With pictures omitted, restate the data word for word.

* Dataset excerpt *
______________________________
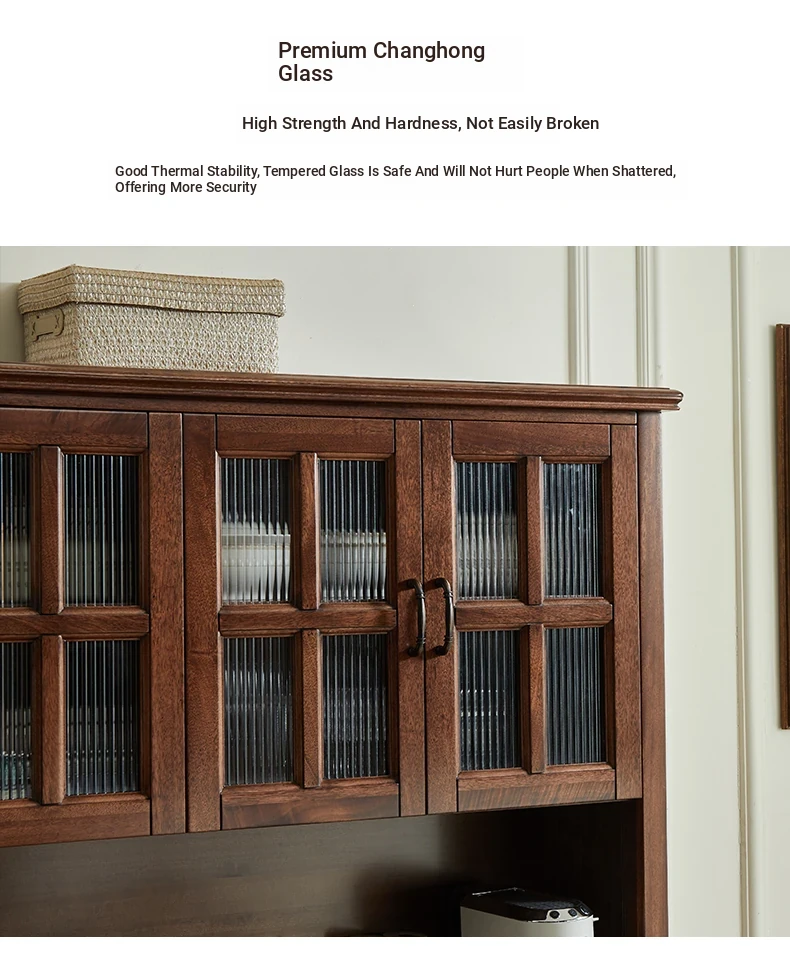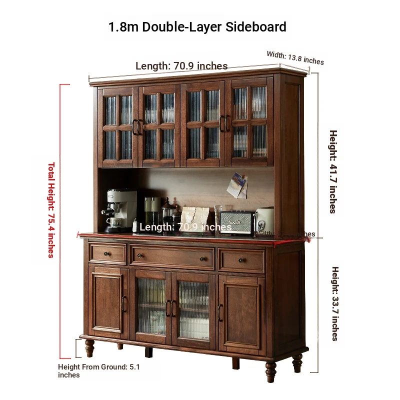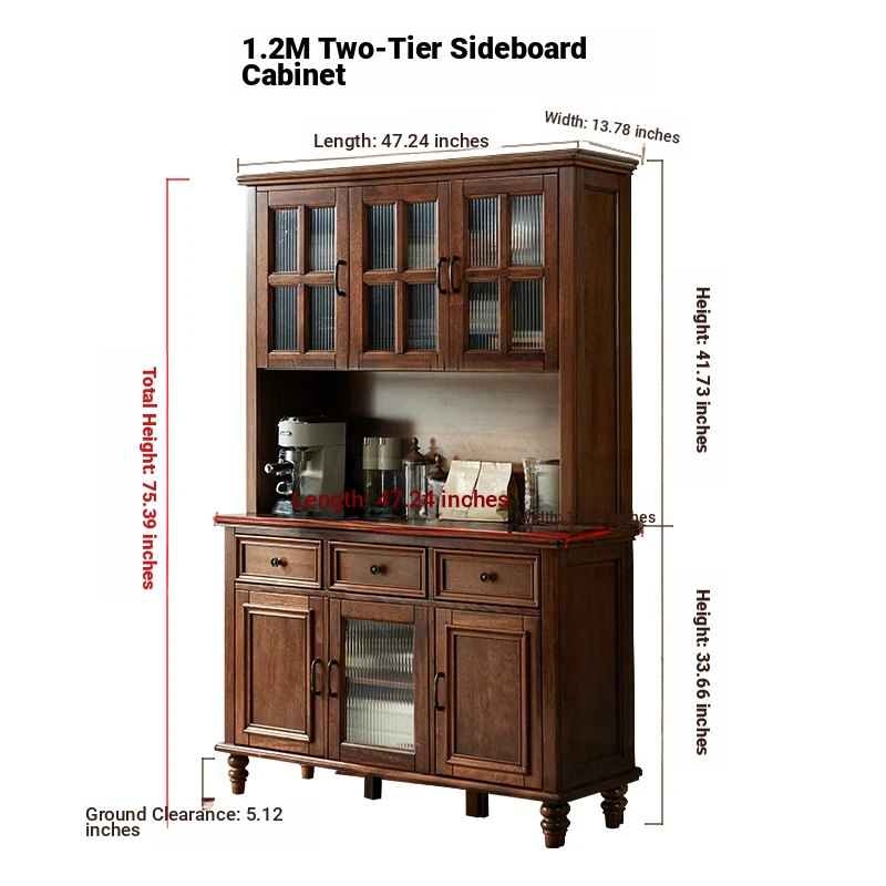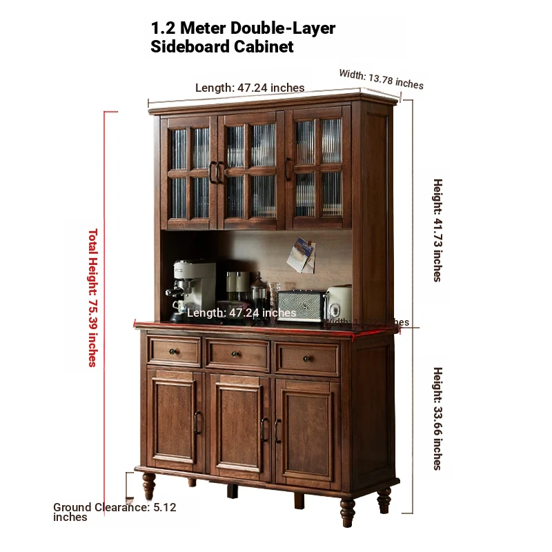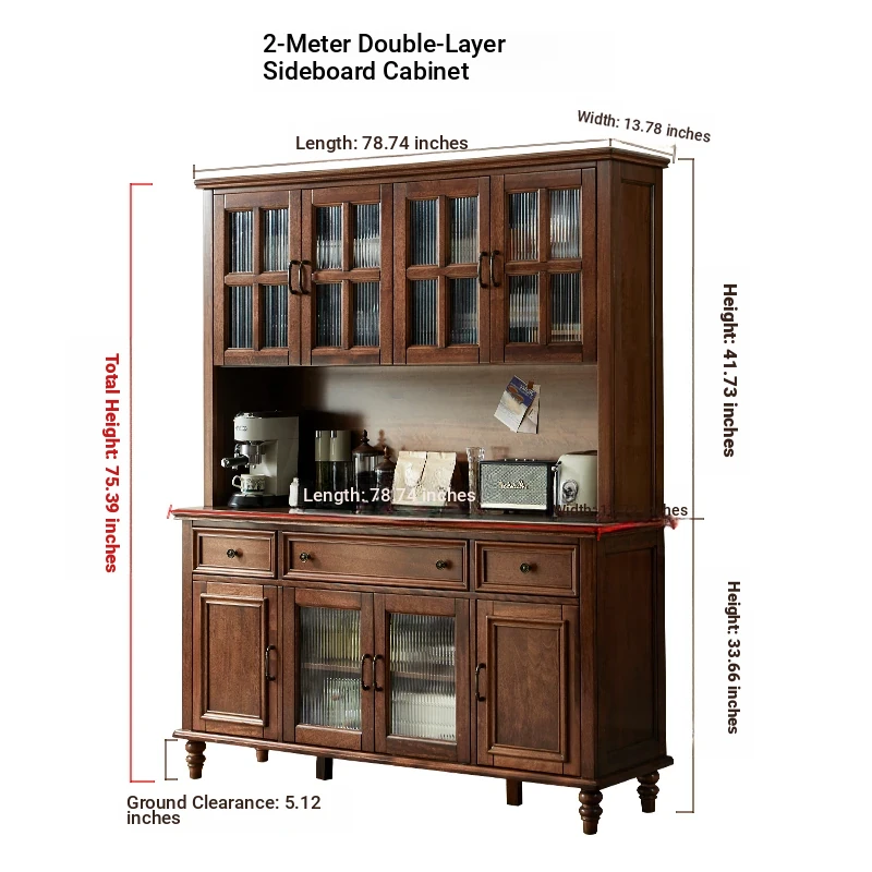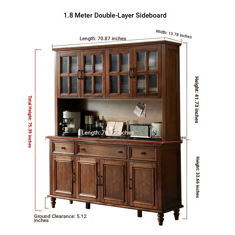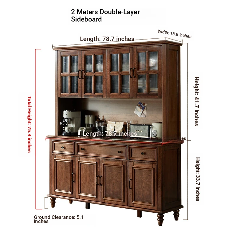 Double-layer sideboard 78.74 in (glass door) new walnut color four doors
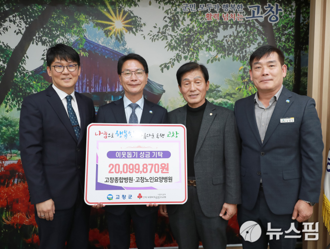 고창종합병원과 고창군어린이집연합회가 각각 2009만9870원과 100만원의 이웃돕기 성금을 고창군에 기탁했다. 이 성금은 전북공동모금회를 통해 지역 내 저소득 취약계층에게 전달될 예정이다.
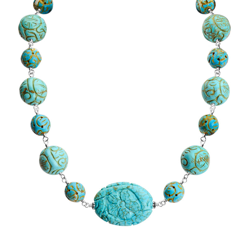 Beautiful blue carved chalk turquoise necklace with sterling silver clasp.
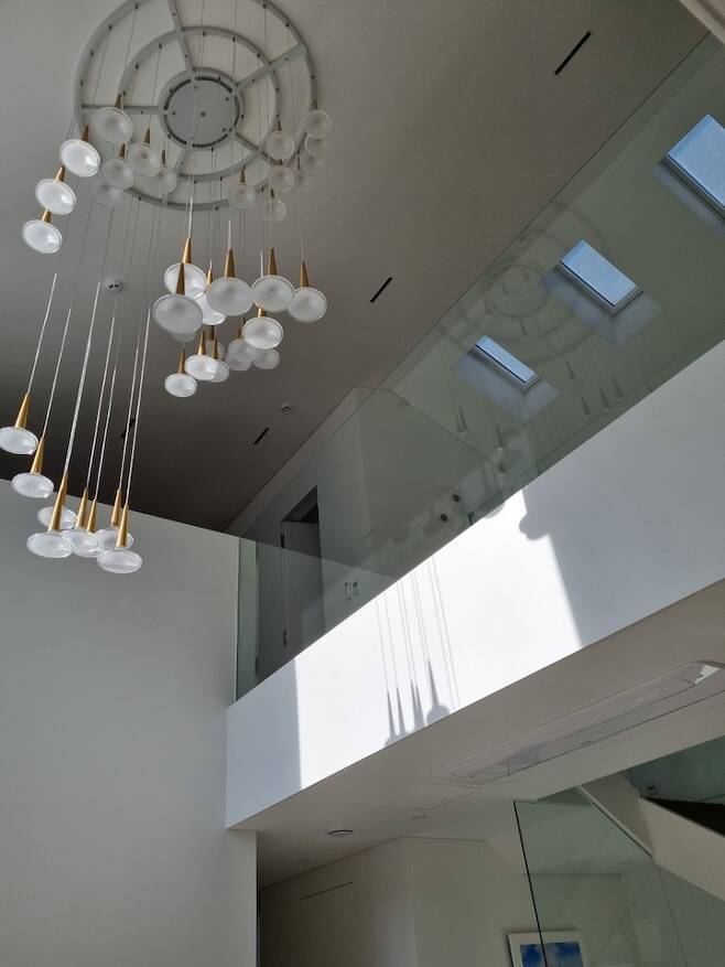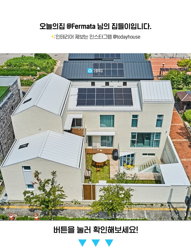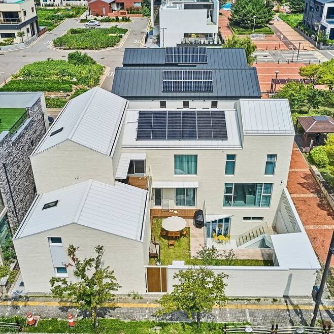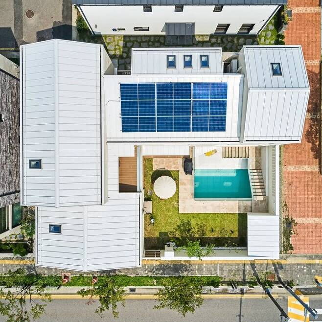 드론 촬영이 취미이신 저희 시아버지께서 찍어주신 항공샷, 저희 집 정원과 지하 수영장까지 한눈에 들어와서 제가 개인적으로 제일 좋아하는 사진이에요. 보통의 집과는 다르게 지붕을 흰색으로 마감하였습니다. 흰 지붕은 여름철 태양열을 덜 흡수해서 실내가 비교적 시원한 장점이 있습니다.
______________________________
* Task solution *
 Double-layer sideboard 78.74 in (glass door) new walnut color four doors
 고창종합병원과 고창군어린이집연합회가 각각 2009만9870원과 100만원의 이웃돕기 성금을 고창군에 기탁했다. 이 성금은 전북공동모금회를 통해 지역 내 저소득 취약계층에게 전달될 예정이다.
 Beautiful blue carved chalk turquoise necklace with sterling silver clasp.
 드론 촬영이 취미이신 저희 시아버지께서 찍어주신 항공샷, 저희 집 정원과 지하 수영장까지 한눈에 들어와서 제가 개인적으로 제일 좋아하는 사진이에요. 보통의 집과는 다르게 지붕을 흰색으로 마감하였습니다. 흰 지붕은 여름철 태양열을 덜 흡수해서 실내가 비교적 시원한 장점이 있습니다.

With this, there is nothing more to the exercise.